» **EXCERPTED RECORDS**:
<<<<
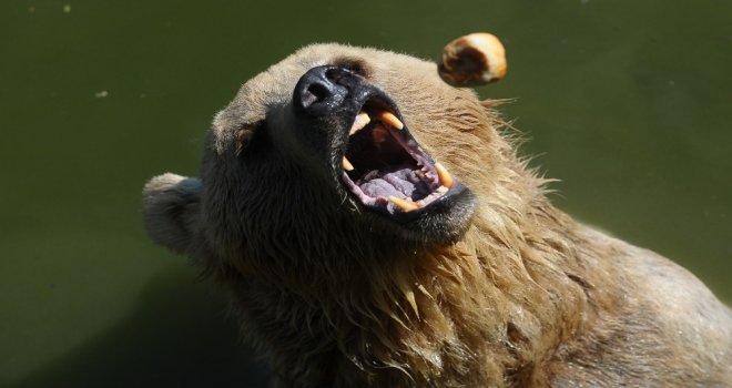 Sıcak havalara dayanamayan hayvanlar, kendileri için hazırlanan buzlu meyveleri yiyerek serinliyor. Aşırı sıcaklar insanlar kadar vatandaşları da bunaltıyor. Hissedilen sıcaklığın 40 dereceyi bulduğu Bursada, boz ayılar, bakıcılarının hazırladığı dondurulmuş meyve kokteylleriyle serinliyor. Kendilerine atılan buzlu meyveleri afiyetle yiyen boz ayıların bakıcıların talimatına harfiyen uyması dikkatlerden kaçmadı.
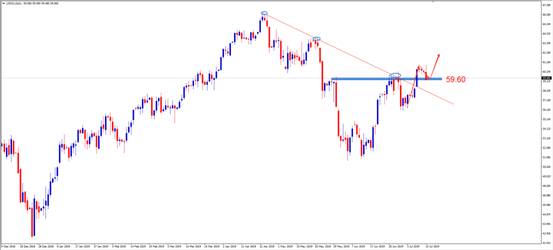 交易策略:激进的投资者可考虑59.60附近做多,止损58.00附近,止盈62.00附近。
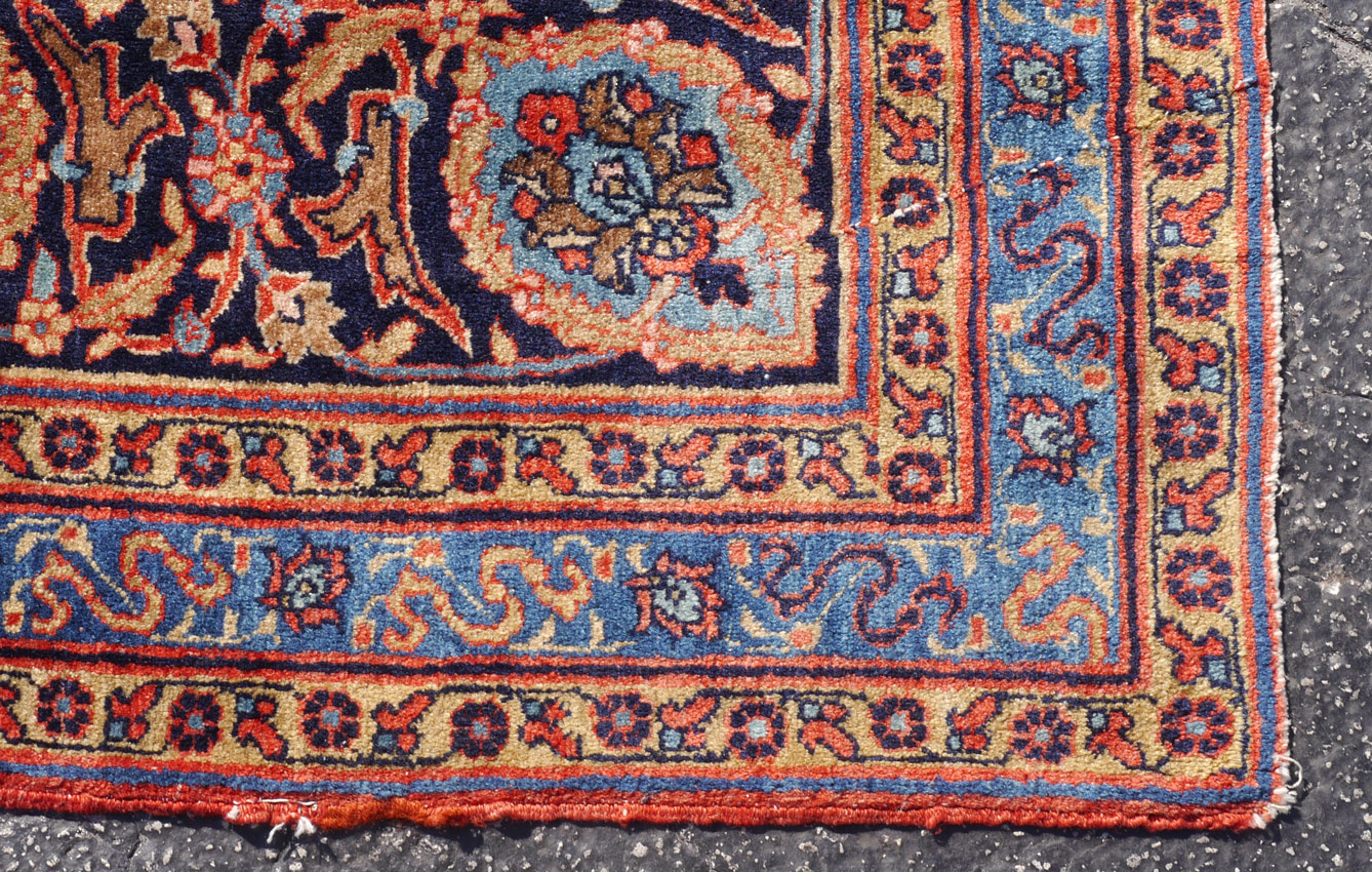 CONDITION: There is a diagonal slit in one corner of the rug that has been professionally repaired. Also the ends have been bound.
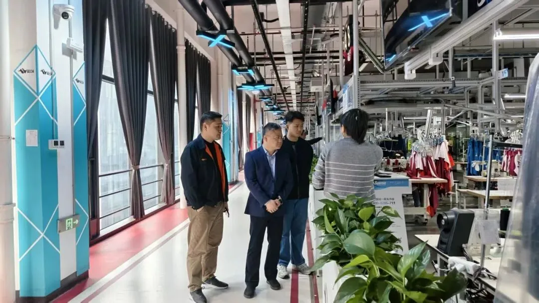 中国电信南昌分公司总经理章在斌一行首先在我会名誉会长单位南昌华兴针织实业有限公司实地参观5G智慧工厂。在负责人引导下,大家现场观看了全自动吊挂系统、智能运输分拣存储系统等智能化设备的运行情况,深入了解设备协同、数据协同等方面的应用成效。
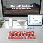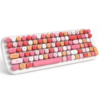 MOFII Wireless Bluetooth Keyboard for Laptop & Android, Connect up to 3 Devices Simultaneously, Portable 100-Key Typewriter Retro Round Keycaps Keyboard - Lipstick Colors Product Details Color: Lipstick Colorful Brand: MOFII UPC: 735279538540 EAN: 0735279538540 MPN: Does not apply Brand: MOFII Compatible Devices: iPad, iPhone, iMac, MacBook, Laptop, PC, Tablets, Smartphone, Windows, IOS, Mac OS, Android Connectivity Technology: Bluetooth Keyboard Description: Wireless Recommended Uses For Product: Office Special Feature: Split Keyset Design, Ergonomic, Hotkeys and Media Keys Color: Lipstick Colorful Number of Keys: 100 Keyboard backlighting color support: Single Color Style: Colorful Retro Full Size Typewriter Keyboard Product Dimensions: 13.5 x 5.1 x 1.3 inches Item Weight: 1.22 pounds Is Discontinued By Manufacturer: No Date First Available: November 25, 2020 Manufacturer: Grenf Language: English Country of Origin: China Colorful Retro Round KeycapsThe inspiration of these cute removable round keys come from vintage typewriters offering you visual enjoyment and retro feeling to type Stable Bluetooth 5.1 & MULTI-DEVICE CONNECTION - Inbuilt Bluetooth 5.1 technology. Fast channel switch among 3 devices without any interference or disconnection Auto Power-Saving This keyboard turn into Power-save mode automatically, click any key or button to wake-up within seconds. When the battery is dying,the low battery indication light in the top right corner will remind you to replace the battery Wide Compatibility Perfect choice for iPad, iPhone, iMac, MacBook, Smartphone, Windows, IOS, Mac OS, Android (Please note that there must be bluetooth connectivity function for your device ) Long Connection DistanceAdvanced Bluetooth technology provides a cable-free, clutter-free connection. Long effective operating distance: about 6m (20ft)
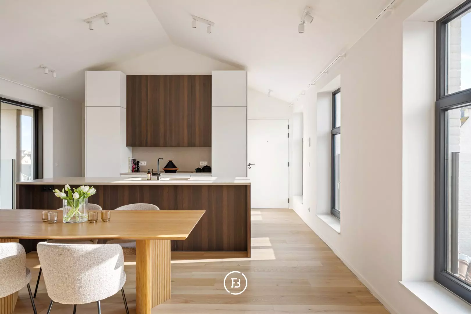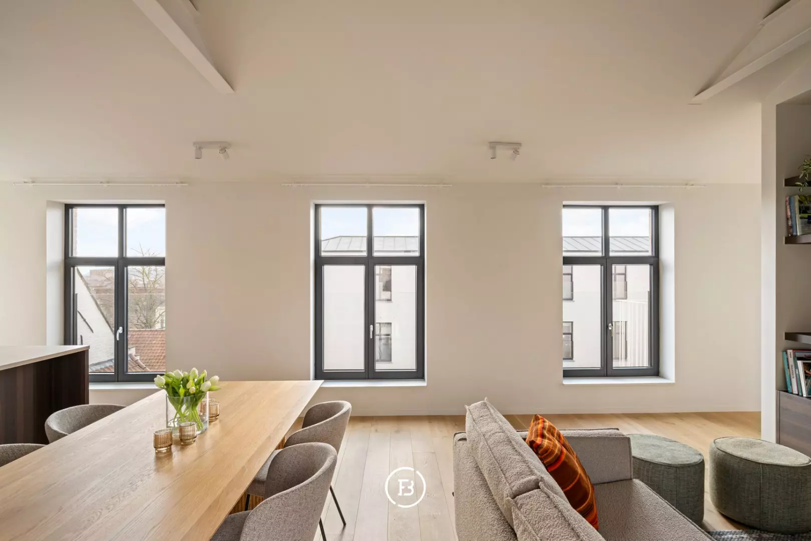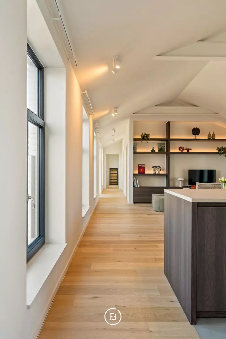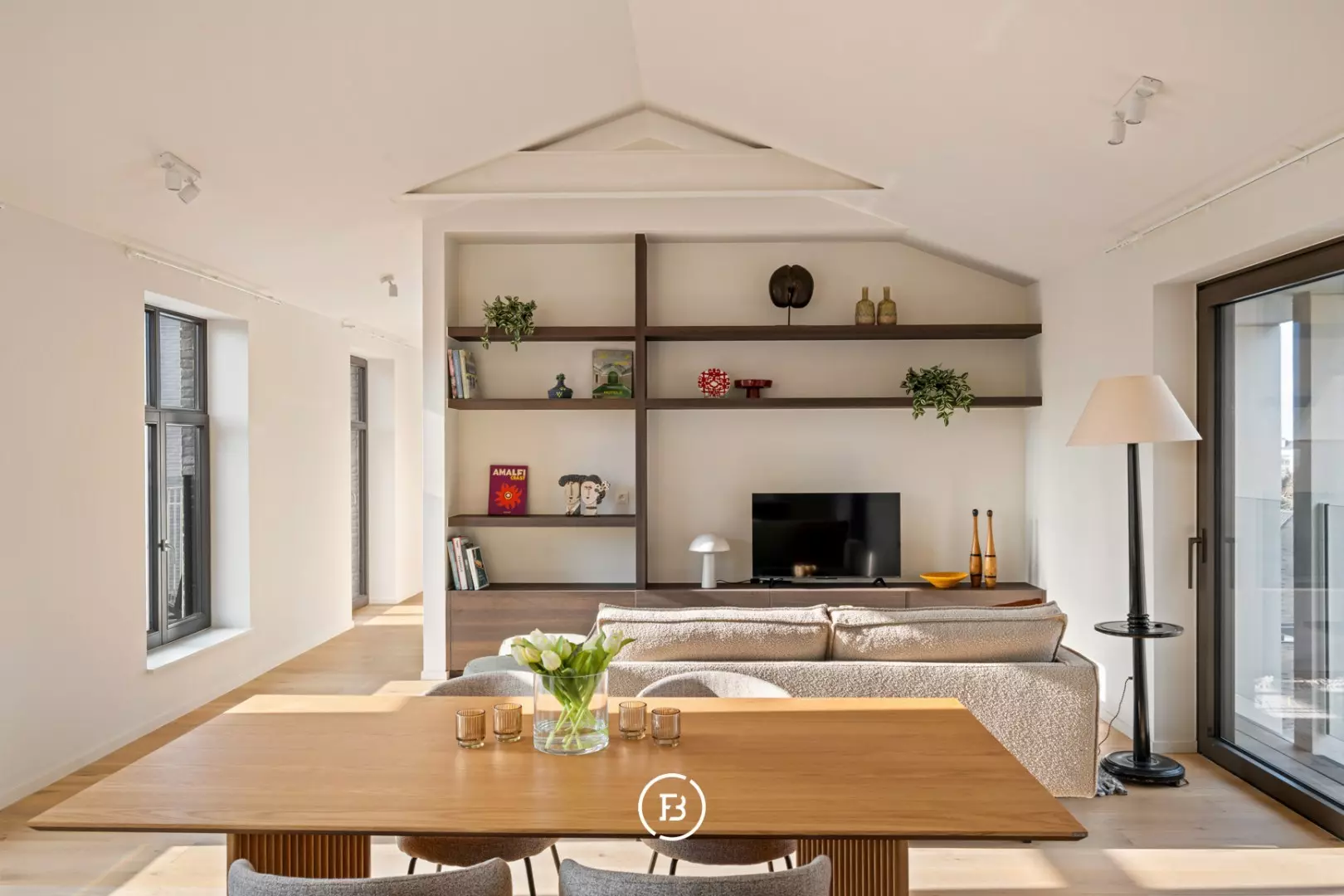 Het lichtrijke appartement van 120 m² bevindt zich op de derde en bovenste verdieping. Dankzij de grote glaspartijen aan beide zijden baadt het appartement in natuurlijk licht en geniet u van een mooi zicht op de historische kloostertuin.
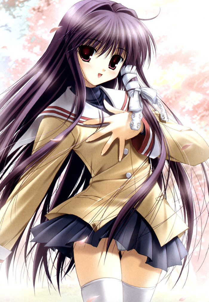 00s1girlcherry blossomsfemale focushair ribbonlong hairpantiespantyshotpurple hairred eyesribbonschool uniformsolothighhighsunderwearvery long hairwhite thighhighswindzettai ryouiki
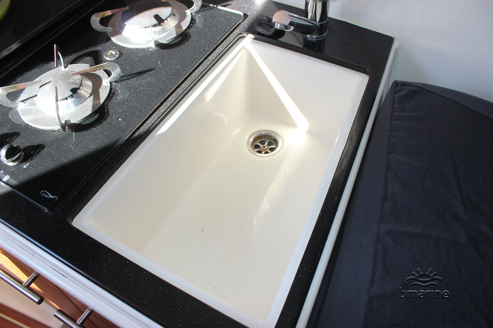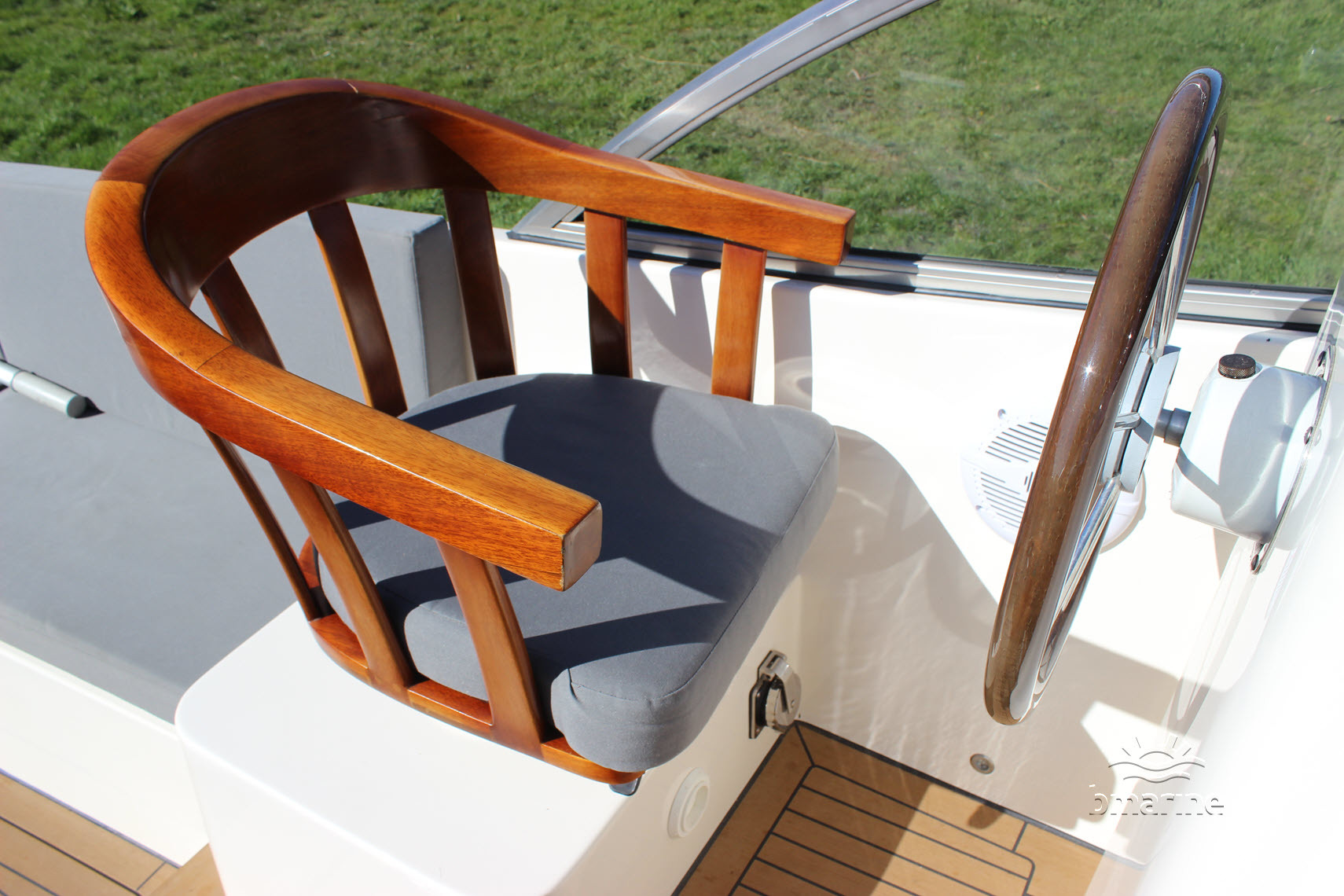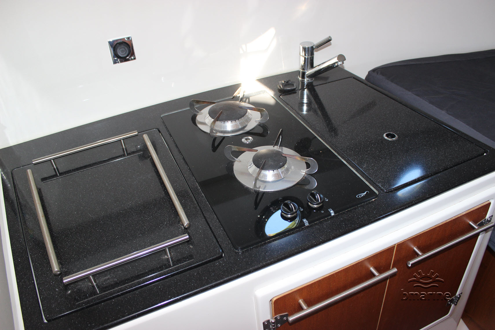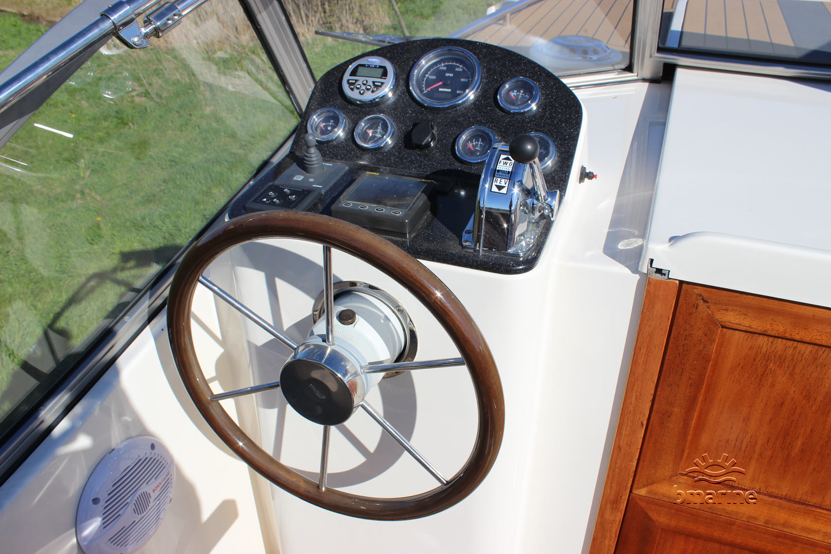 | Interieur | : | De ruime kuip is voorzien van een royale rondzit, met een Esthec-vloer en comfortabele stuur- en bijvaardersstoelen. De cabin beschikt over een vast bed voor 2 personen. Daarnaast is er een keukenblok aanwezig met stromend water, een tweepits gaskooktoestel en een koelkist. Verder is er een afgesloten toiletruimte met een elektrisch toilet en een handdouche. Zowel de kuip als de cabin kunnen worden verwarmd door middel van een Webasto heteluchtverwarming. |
>>>>
» **TASK PROMPT**: What you give back should match the entries above exactly, except that pictures are dropped.

» **REPLY**:
 Sıcak havalara dayanamayan hayvanlar, kendileri için hazırlanan buzlu meyveleri yiyerek serinliyor. Aşırı sıcaklar insanlar kadar vatandaşları da bunaltıyor. Hissedilen sıcaklığın 40 dereceyi bulduğu Bursada, boz ayılar, bakıcılarının hazırladığı dondurulmuş meyve kokteylleriyle serinliyor. Kendilerine atılan buzlu meyveleri afiyetle yiyen boz ayıların bakıcıların talimatına harfiyen uyması dikkatlerden kaçmadı.
 交易策略:激进的投资者可考虑59.60附近做多,止损58.00附近,止盈62.00附近。
 CONDITION: There is a diagonal slit in one corner of the rug that has been professionally repaired. Also the ends have been bound.
 中国电信南昌分公司总经理章在斌一行首先在我会名誉会长单位南昌华兴针织实业有限公司实地参观5G智慧工厂。在负责人引导下,大家现场观看了全自动吊挂系统、智能运输分拣存储系统等智能化设备的运行情况,深入了解设备协同、数据协同等方面的应用成效。
 MOFII Wireless Bluetooth Keyboard for Laptop & Android, Connect up to 3 Devices Simultaneously, Portable 100-Key Typewriter Retro Round Keycaps Keyboard - Lipstick Colors Product Details Color: Lipstick Colorful Brand: MOFII UPC: 735279538540 EAN: 0735279538540 MPN: Does not apply Brand: MOFII Compatible Devices: iPad, iPhone, iMac, MacBook, Laptop, PC, Tablets, Smartphone, Windows, IOS, Mac OS, Android Connectivity Technology: Bluetooth Keyboard Description: Wireless Recommended Uses For Product: Office Special Feature: Split Keyset Design, Ergonomic, Hotkeys and Media Keys Color: Lipstick Colorful Number of Keys: 100 Keyboard backlighting color support: Single Color Style: Colorful Retro Full Size Typewriter Keyboard Product Dimensions: 13.5 x 5.1 x 1.3 inches Item Weight: 1.22 pounds Is Discontinued By Manufacturer: No Date First Available: November 25, 2020 Manufacturer: Grenf Language: English Country of Origin: China Colorful Retro Round KeycapsThe inspiration of these cute removable round keys come from vintage typewriters offering you visual enjoyment and retro feeling to type Stable Bluetooth 5.1 & MULTI-DEVICE CONNECTION - Inbuilt Bluetooth 5.1 technology. Fast channel switch among 3 devices without any interference or disconnection Auto Power-Saving This keyboard turn into Power-save mode automatically, click any key or button to wake-up within seconds. When the battery is dying,the low battery indication light in the top right corner will remind you to replace the battery Wide Compatibility Perfect choice for iPad, iPhone, iMac, MacBook, Smartphone, Windows, IOS, Mac OS, Android (Please note that there must be bluetooth connectivity function for your device ) Long Connection DistanceAdvanced Bluetooth technology provides a cable-free, clutter-free connection. Long effective operating distance: about 6m (20ft)
 Het lichtrijke appartement van 120 m² bevindt zich op de derde en bovenste verdieping. Dankzij de grote glaspartijen aan beide zijden baadt het appartement in natuurlijk licht en geniet u van een mooi zicht op de historische kloostertuin.
 00s1girlcherry blossomsfemale focushair ribbonlong hairpantiespantyshotpurple hairred eyesribbonschool uniformsolothighhighsunderwearvery long hairwhite thighhighswindzettai ryouiki
 | Interieur | : | De ruime kuip is voorzien van een royale rondzit, met een Esthec-vloer en comfortabele stuur- en bijvaardersstoelen. De cabin beschikt over een vast bed voor 2 personen. Daarnaast is er een keukenblok aanwezig met stromend water, een tweepits gaskooktoestel en een koelkist. Verder is er een afgesloten toiletruimte met een elektrisch toilet en een handdouche. Zowel de kuip als de cabin kunnen worden verwarmd door middel van een Webasto heteluchtverwarming. |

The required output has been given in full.